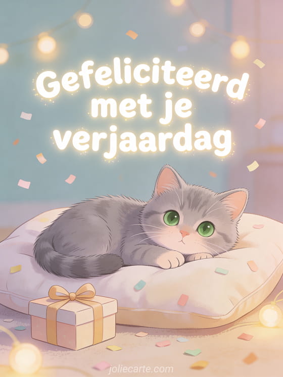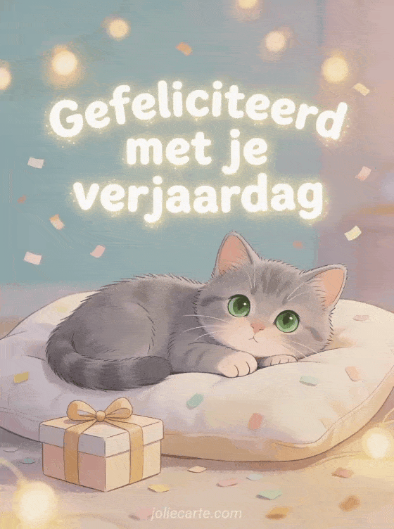 Deel een zoet verjaardagsmoment met deze warme illustratie van een kleine grijze kat op een zacht kussen naast een cadeau en lichte confetti. Bekijk ook gefeliciteerd met je verjaardag gif gratis, bloem gefeliciteerd met je verjaardag bloemen en afbeelding gefeliciteerd met je verjaardag met bloemen.
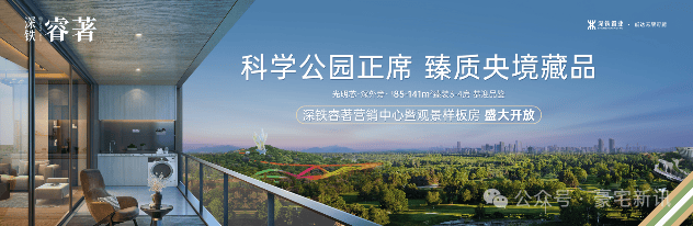 深铁睿著广场,是光明科学公园首排仅有的4个楼盘之一,也是首排楼盘当中除了振业天境云庭之外,仅有的总高31层住宅小区,容积率4.99,准现房小区,户户朝南或南北通透设计。
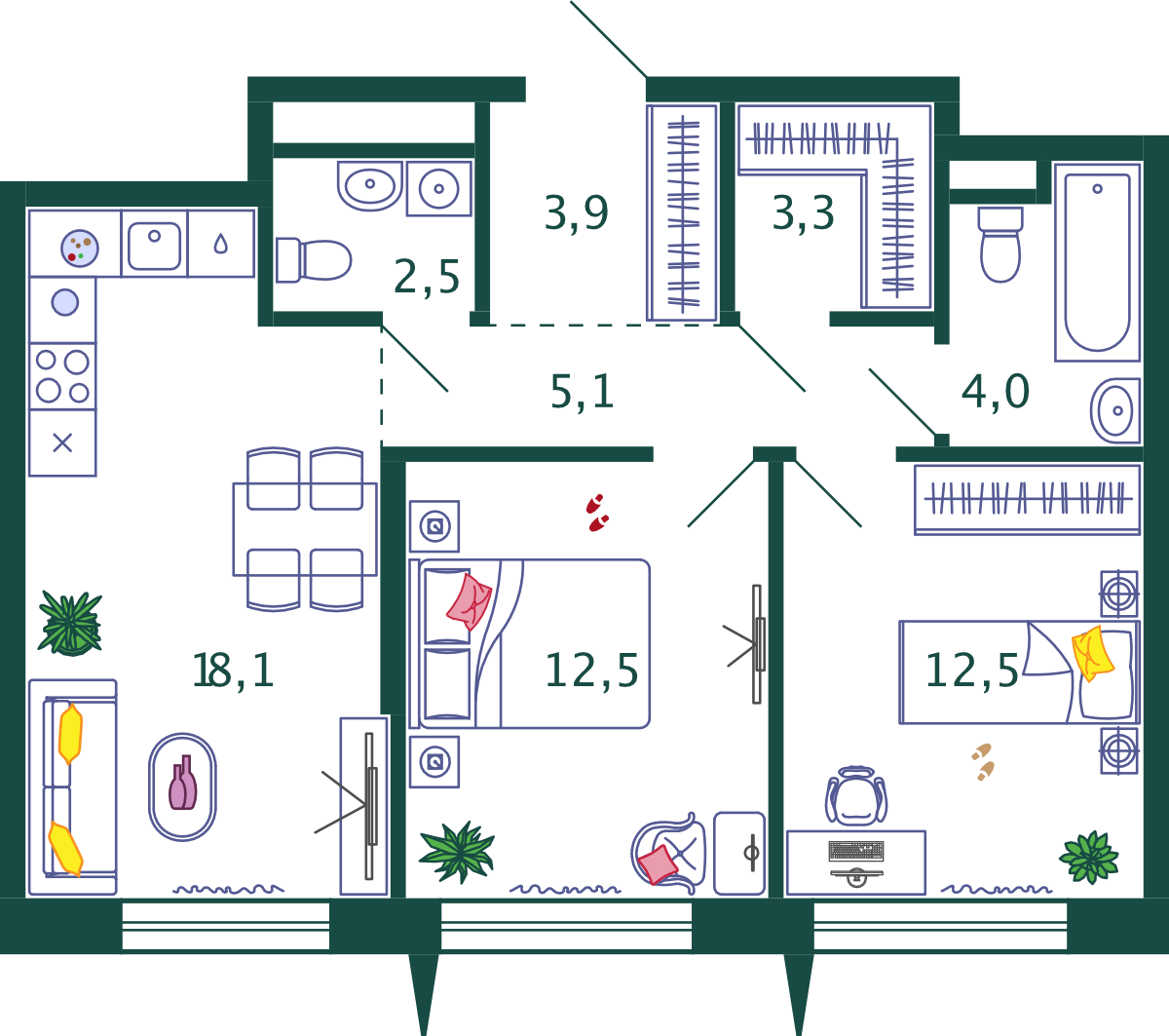 | Декабрь 2022 | 59,6-75,6 м2 | 25 335 976 - 32 884 989 ₽ | ~434 485 ₽ | |
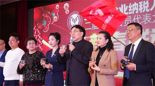 在激昂的氛围中,协会领导班子成员和会员代表共同合唱会歌《纳税人之歌》,歌声嘹亮,响彻全场,每一个音符都凝聚着协会的向心力,彰显出企业的壮志豪情与使命担当。

- [EXERCISE PROMPT] Copy out the material above in full and exactly; its pictures are not to appear.

- [RESPONSE TO THE TASK]
 Deel een zoet verjaardagsmoment met deze warme illustratie van een kleine grijze kat op een zacht kussen naast een cadeau en lichte confetti. Bekijk ook gefeliciteerd met je verjaardag gif gratis, bloem gefeliciteerd met je verjaardag bloemen en afbeelding gefeliciteerd met je verjaardag met bloemen.
 深铁睿著广场,是光明科学公园首排仅有的4个楼盘之一,也是首排楼盘当中除了振业天境云庭之外,仅有的总高31层住宅小区,容积率4.99,准现房小区,户户朝南或南北通透设计。
 | Декабрь 2022 | 59,6-75,6 м2 | 25 335 976 - 32 884 989 ₽ | ~434 485 ₽ | |
 在激昂的氛围中,协会领导班子成员和会员代表共同合唱会歌《纳税人之歌》,歌声嘹亮,响彻全场,每一个音符都凝聚着协会的向心力,彰显出企业的壮志豪情与使命担当。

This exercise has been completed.